Friday 28th May 2010
The beginning of 2009 saw commodity prices continuing to fall globally, tough price negotiations with customers and challenging market conditions.

However, companies responded swiftly and decisively: funding was restructured, mines were closed and production cut as margins declined.

However, in contrast, the year ended with the market capitalisation of the Top 40 returning to the heights of 2007 and a cautious optimism returning, according to PricewaterhouseCoopers's seventh annual review of global trends in the mining industry: Mine, Back To The Boom.

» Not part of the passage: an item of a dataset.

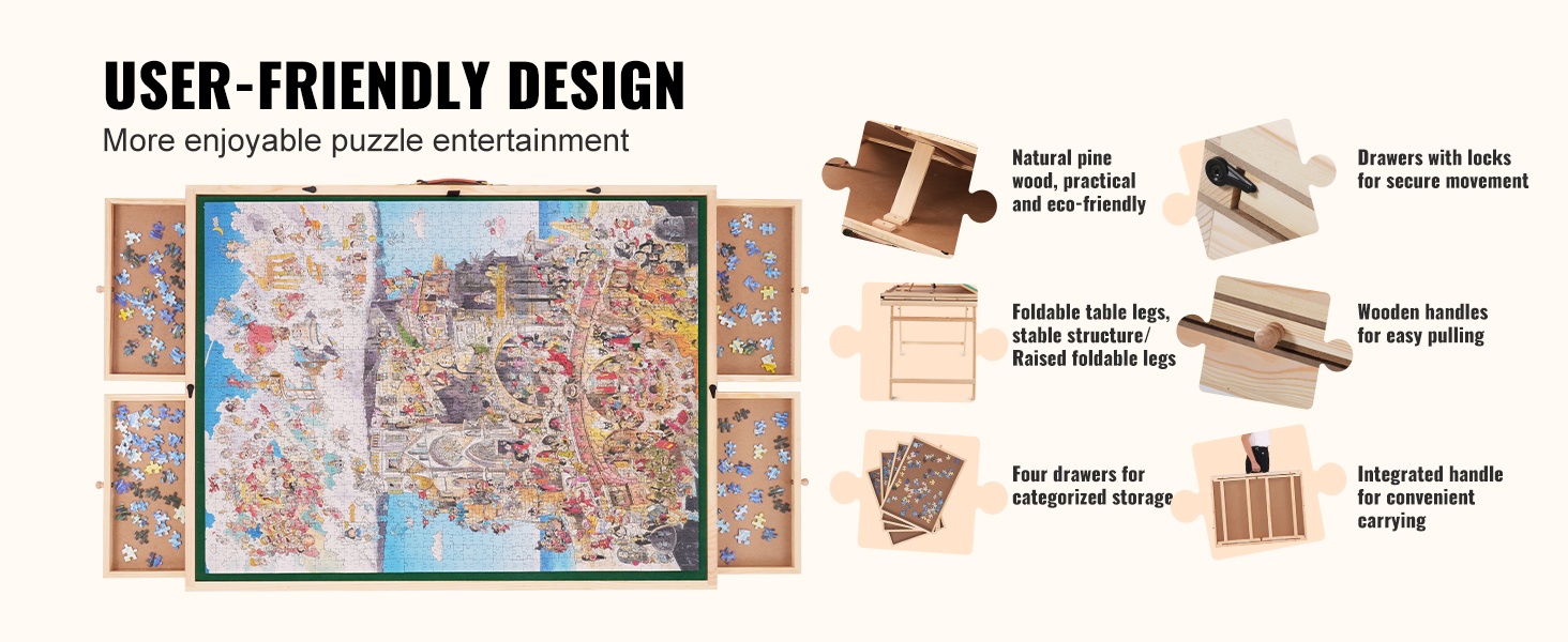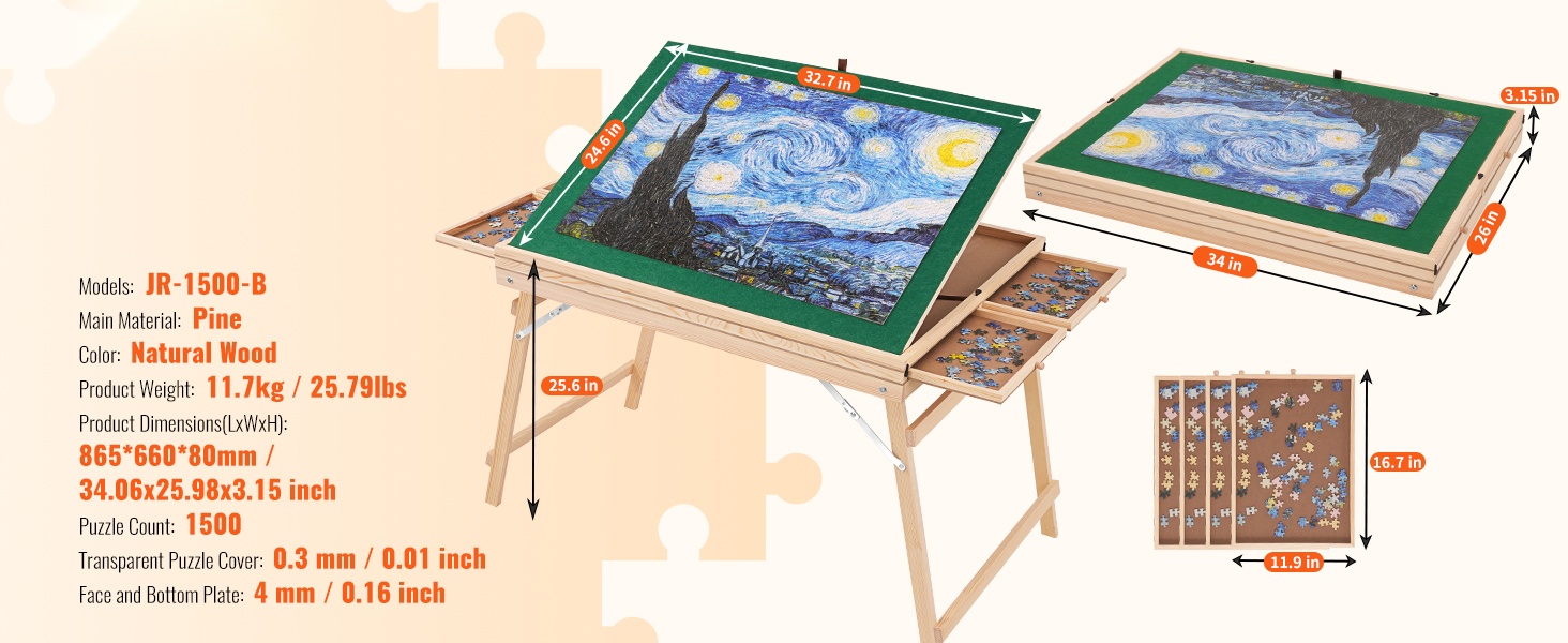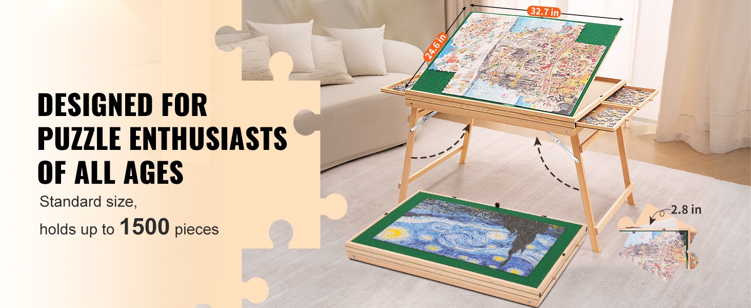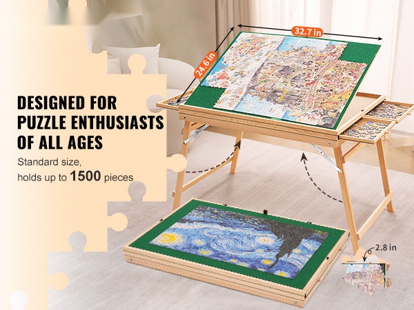 Palapelipöytä mäntyinen 1500 palan kolmiportaisesti kallistettava neljä laatikkoa läpinäkyvä kansi

Tim Goldsmith, global mining leader, PricewaterhouseCoopers said: "Although 2009 saw overall revenues decline, a drop in net profit and a decrease in cash flow in the industry, none of the Top 40 companies were subject to bankruptcy or voluntary administration provisions. This was largely due to their ability to remove their debt overhang, strengthening commodity markets over the year and the positive impact of government stimulus packages around the world.

"On the other hand, there were no significant transactions completed during the year – pointing to a potential missed opportunity for those that may have had the available financial resources.

"Despite approximately US $200billion of capital expenditure over the past three years, production remained flat across most commodities. Exploration spend by the Top 40 declined significantly given its discretionary nature. As reserve replacement becomes more challenging, the lack of spend on exploration poses the question – when and where will the next world-class mines be found?

"This will only continue the supply challenge. Add to that the fundamental demand strength over the medium and long-term, driven by continued growth from China and other developing nations, and we firmly believe we are in the next phase of the boom."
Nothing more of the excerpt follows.